WORK ORDER: The whole listing, please: repeat it exactly, with the pictures left out.

RECORDS TO PROCESS:
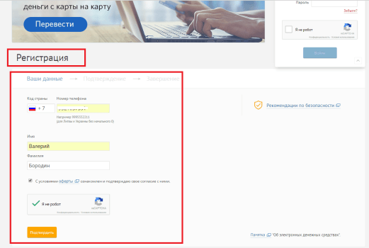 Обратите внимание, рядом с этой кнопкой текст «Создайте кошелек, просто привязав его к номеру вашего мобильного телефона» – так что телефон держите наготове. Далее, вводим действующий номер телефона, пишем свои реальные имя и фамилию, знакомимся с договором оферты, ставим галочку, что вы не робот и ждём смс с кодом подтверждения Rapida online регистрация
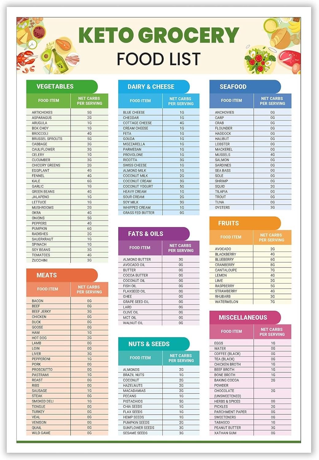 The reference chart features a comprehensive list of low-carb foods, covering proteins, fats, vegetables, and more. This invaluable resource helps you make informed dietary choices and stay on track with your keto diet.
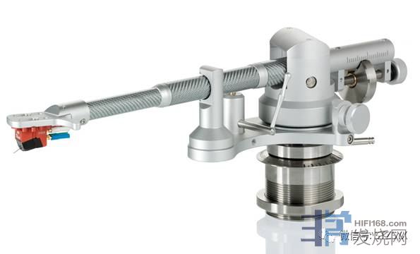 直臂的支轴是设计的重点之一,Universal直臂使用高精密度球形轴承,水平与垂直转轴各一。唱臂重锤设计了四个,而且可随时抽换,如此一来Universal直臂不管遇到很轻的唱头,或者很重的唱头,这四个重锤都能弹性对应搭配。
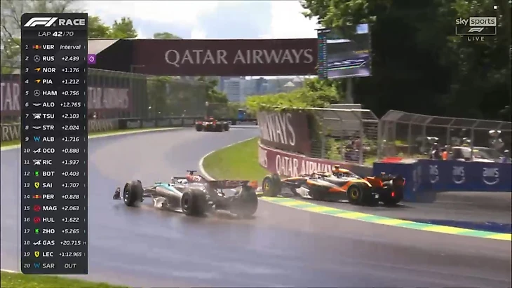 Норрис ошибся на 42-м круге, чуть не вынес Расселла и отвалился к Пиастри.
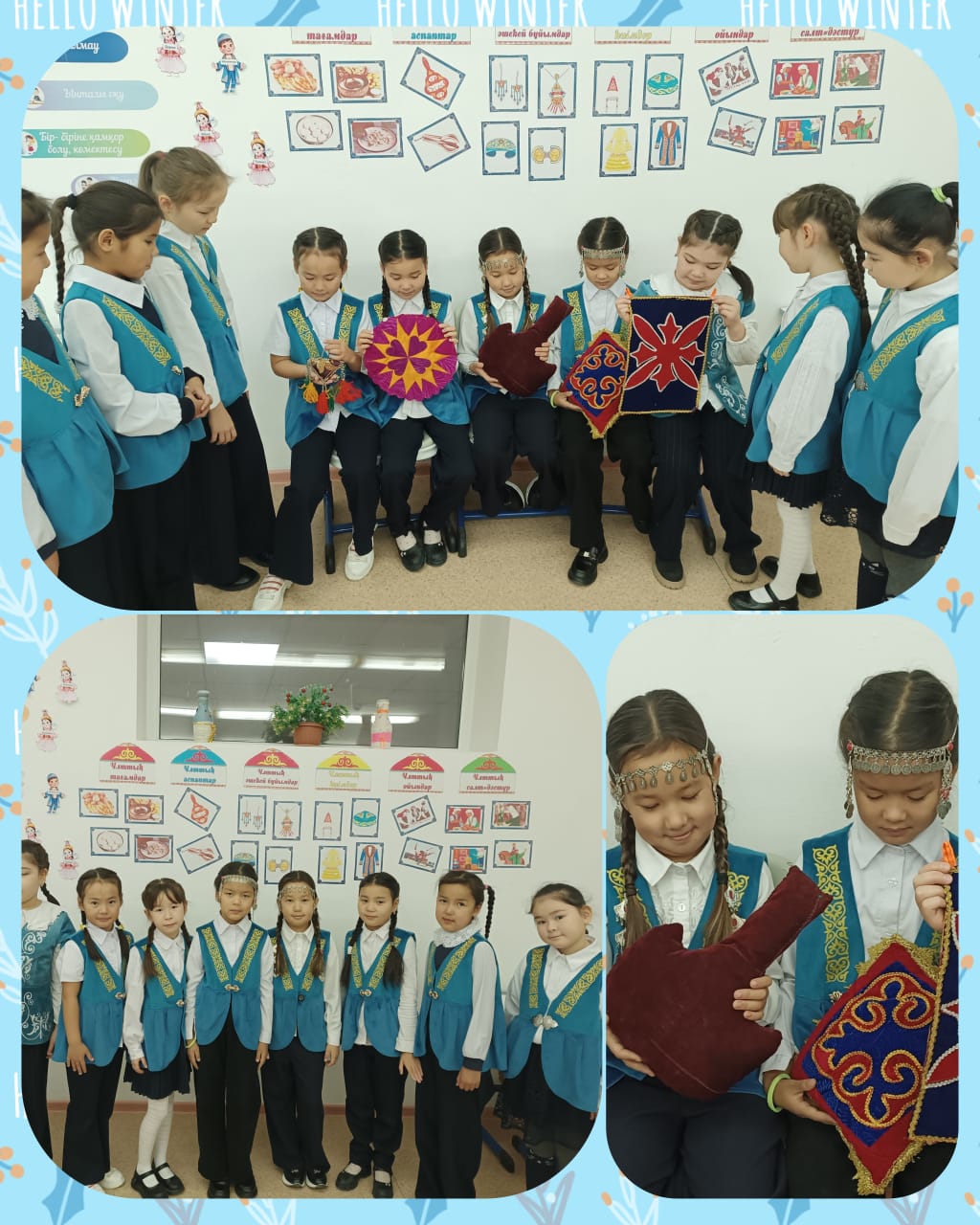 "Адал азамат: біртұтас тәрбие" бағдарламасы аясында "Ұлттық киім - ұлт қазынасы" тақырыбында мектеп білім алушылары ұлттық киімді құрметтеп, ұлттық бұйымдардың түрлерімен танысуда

EXERCISE OUTPUT:
 Обратите внимание, рядом с этой кнопкой текст «Создайте кошелек, просто привязав его к номеру вашего мобильного телефона» – так что телефон держите наготове. Далее, вводим действующий номер телефона, пишем свои реальные имя и фамилию, знакомимся с договором оферты, ставим галочку, что вы не робот и ждём смс с кодом подтверждения Rapida online регистрация
 The reference chart features a comprehensive list of low-carb foods, covering proteins, fats, vegetables, and more. This invaluable resource helps you make informed dietary choices and stay on track with your keto diet.
 直臂的支轴是设计的重点之一,Universal直臂使用高精密度球形轴承,水平与垂直转轴各一。唱臂重锤设计了四个,而且可随时抽换,如此一来Universal直臂不管遇到很轻的唱头,或者很重的唱头,这四个重锤都能弹性对应搭配。
 Норрис ошибся на 42-м круге, чуть не вынес Расселла и отвалился к Пиастри.
 "Адал азамат: біртұтас тәрбие" бағдарламасы аясында "Ұлттық киім - ұлт қазынасы" тақырыбында мектеп білім алушылары ұлттық киімді құрметтеп, ұлттық бұйымдардың түрлерімен танысуда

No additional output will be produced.